Problem.
Pictures stay out of the copy. Transcribe exactly, and only, the line with "[03:23.74] | 夜里的爱省略不同的解释 |" through the last line of the entries below.

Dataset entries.
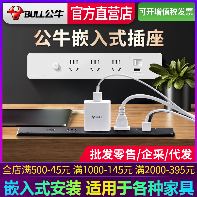 公牛桌面嵌入式插座办公会议桌usb插排超薄隐形餐边柜岛台插线板
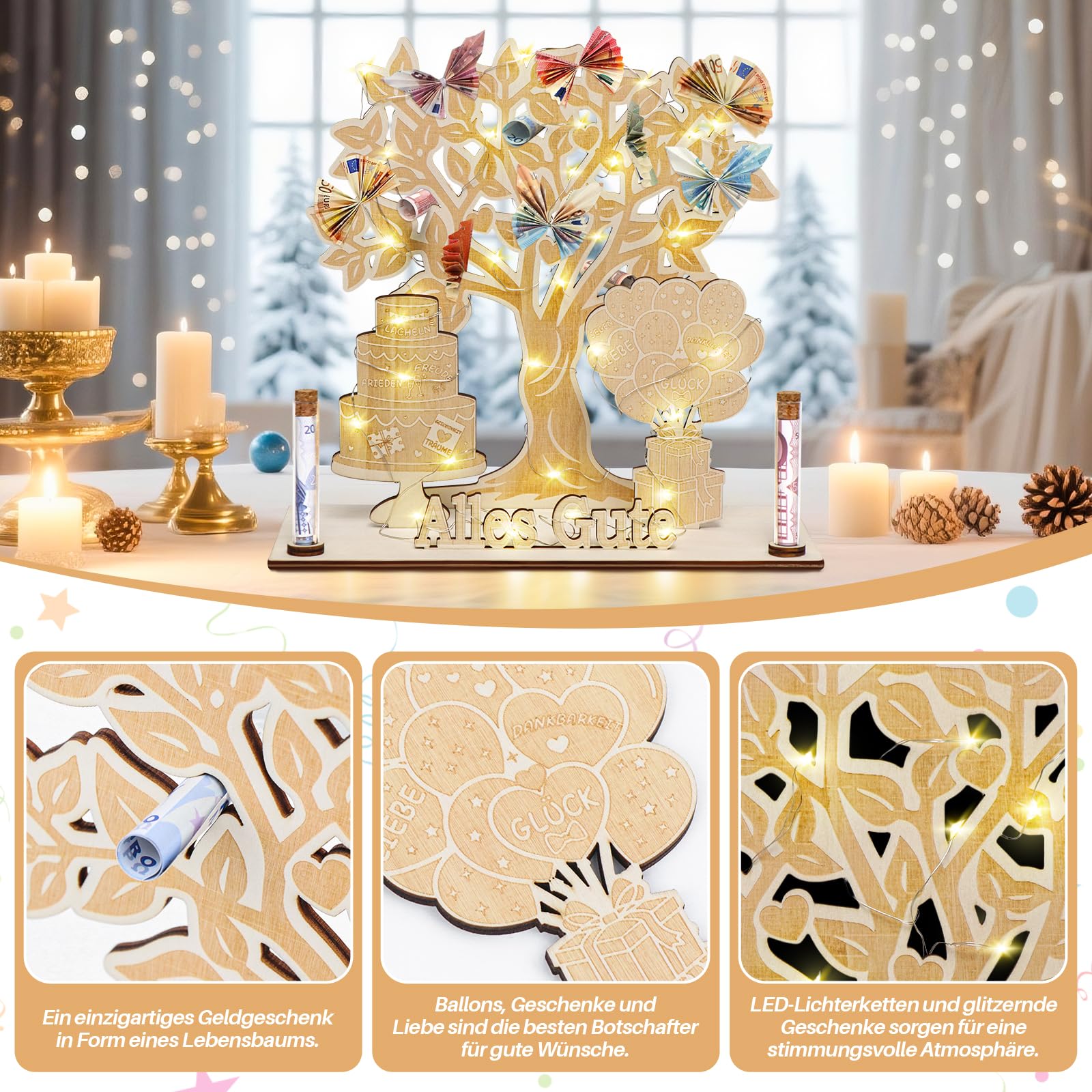 Boah, dieser Geldbaum von FTUREERA ist ja mal eine richtig coole Idee für Geldgeschenke! Statt langweiligen Umschlägen gibts hier einen ganzen Lebensbaum mit LED-Lichterkette der richtig was hermacht. Du kannst das Geld einfach in die Äste stecken oder mit den beiliegten Grußkarten personalisieren. Im Set ist alles dabei: Bodenplatte, Baum-Aufsatz, Ballons, Kuchen-Deko und diese süße Lichterkette die für mega Stimmung sorgt. Perfekt für Hochzeiten, Geburtstage, Abschlussfeiern - einfach für jeden besonderen Anlass. Damit machst du definitiv mehr her als mit nem normalen Umschlag! Einfach aufbauen, Geld rein und staunen lassen.
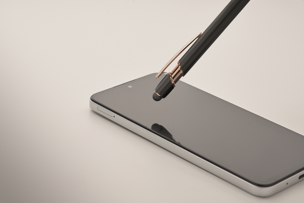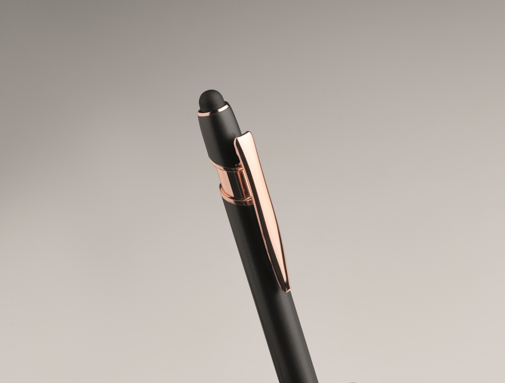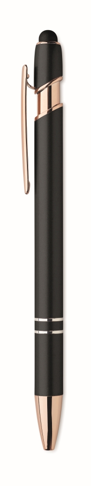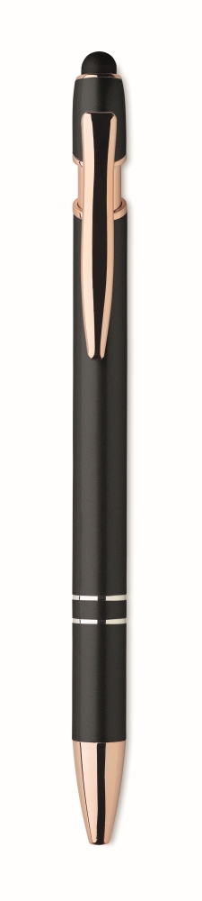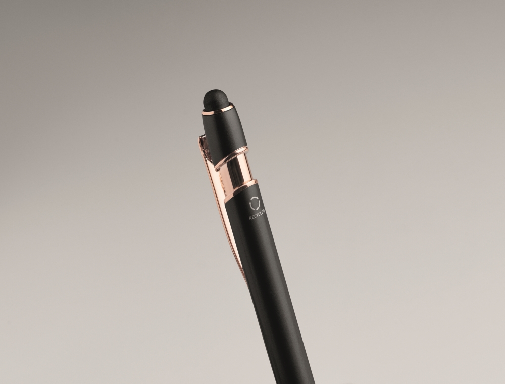 Recyklované hliníkové stylusové kuličkové pero s růžově zlatými detaily. Modrý inkoust. Rozměry: O 1 x 14,3 cm. Materiál: recyklovaný hliník
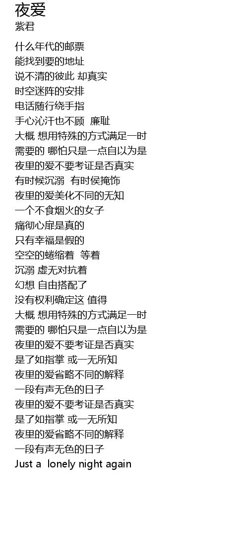 | [03:23.74] | 夜里的爱省略不同的解释 |
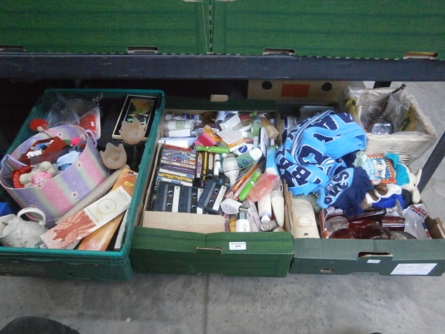This lot contains a variety of household items, including toiletries, media, toys, and decorative objects, housed within three green plastic crates.

Answer to this problem.
 | [03:23.74] | 夜里的爱省略不同的解释 |
This lot contains a variety of household items, including toiletries, media, toys, and decorative objects, housed within three green plastic crates.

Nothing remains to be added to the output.